‘Only you could go to hairdressers and come back looking older.’
So was my daughters’ opinions of my hair appointment. Thanks guys 😊🥴.
It’s true though. The last time I had my hair done was in St. Lucia. It was just the right amount of highlighting to still be brown-haired but without such jarring grey at the temples. Still, we were new to the Caribbean then.
My hair has gone lighter since. It’s been bleached by the sun and has gone greyer too. I’d blame living on Quest – but Jack’s hair is still nut-brown. And we both started off with the same hair colour! Nothing like marrying someone with the exact same hair colour that stays the same colour. I assumed another hair appointment would put mine to where it was before. Duh.
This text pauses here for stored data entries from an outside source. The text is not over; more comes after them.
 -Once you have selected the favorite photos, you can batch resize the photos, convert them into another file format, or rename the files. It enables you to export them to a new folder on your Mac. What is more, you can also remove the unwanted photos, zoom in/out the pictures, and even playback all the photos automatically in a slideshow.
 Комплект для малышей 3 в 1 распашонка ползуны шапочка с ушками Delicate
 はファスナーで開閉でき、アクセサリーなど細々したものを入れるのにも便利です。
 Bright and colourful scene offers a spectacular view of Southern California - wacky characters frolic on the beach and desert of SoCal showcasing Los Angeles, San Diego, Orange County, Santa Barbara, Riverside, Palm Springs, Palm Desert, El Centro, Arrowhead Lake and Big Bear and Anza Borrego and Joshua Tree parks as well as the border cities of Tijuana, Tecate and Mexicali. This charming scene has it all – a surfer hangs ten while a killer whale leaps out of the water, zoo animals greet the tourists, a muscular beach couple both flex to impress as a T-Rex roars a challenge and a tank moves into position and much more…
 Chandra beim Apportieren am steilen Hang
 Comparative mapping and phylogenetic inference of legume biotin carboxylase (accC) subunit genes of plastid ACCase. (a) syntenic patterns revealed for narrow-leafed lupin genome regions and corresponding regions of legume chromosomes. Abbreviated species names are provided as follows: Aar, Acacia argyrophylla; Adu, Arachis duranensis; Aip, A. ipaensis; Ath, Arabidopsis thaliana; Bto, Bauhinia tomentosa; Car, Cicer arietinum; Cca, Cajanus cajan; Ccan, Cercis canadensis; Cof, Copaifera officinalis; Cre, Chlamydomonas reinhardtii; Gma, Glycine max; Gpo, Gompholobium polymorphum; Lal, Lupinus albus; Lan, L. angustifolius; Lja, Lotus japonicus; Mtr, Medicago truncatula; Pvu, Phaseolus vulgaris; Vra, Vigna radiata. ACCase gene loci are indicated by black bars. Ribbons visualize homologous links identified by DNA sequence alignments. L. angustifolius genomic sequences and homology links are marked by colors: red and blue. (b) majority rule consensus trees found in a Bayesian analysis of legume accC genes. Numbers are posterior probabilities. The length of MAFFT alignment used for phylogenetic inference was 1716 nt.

I came back from a nice salon next to the drugstore – known here as the drogist, more blond then brown. More silver than grey. Very silver in fact.
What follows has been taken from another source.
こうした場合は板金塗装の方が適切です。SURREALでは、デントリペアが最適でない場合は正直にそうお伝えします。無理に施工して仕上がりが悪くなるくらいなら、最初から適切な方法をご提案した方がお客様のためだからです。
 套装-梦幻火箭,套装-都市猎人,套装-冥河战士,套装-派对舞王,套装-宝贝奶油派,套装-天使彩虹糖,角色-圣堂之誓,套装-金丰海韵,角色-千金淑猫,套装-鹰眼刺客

I realised how light it was when Miranda from Holland was blow-drying it. She’d done a really careful job. Each layer of hair was picked through with a kind of serrated skewer. She’d brushed it with the highlighting bleach, wrapped up in foils and brought over a heated and rotating halo.
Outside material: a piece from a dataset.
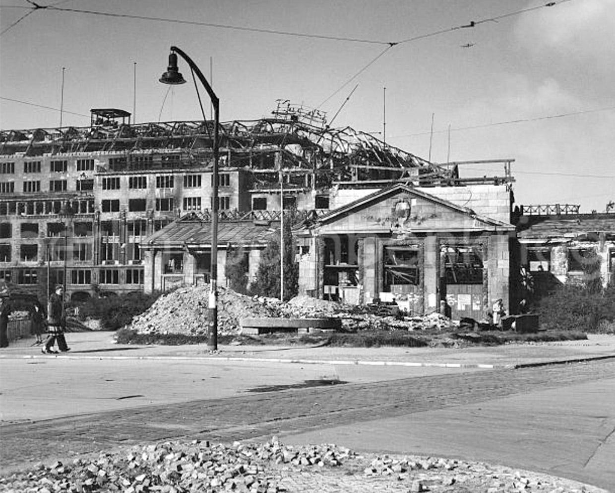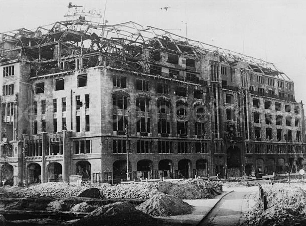 The impact of the falling bomber, a large and heavy aircraft (the Halifax had a wingspan of 31,75 m and a maximum weight of 55,000-lb, including its bomb load) had to be very loud and violent and, of course devastating for the building’s structure. As the bomber did not return to its base nor did any of the crew survived, it is not possible to confirm if it was shot down with the full bomb load aboard or had already been dropped bombs on the city. Known photos of the square taken during the last year of the war —although often wrongly captioned as 1943— shows the building badly damaged, with a burned out roof and the structure totally twisted at the impact point, but still standing. If the aircraft would exploded on impact little or nothing have remained from the famous store after the violent deflagration.

I’ve never really been blond before. Except maybe as a toddler. Suddenly my hair is a lighter colour then my skin. And funnily, this doesn’t cover my grey up so much as age me overall.
Miranda noticed too. ‘You don’t like it?’ she asked hesitantly.
I stared at myself in the salon mirror. The classic, ‘not much we can do now’ feeling passed through me. Hair-wise I mean, we could re-dye it. But frankly, I’m not spending another hundred bucks. Grey, brown, silver. Who cares? Just next time, I’m going brown. I like brown.
I like purple too. And green. These were the colours last night on our night dive. Jack and I dived the reef just outside the marina. The dive site is called Something Special. This is the beat-up reef area of Bonaire. Discarded tyres lay around in the shallows. The marina wall butts up against the reef. It’s also the place where people see a ton of interesting marine life.
Our marina neighbours Britney and Clint, came out of quarantine and went there for their first sea swim. They dropped in on three eagle rays, gliding around. Something Special indeed.
We went down with two torches; a normal white-light torch and a purple, UV torch. The UV torch gave us a psychedelic paradise. Greens and purples shone out from different corals. The reef was a completely different-looking place. To think that some creatures see the reef like this all the time – and corals respond by colouring themselves differently. They definitely don’t need the hairdresser’s. Lucky corals.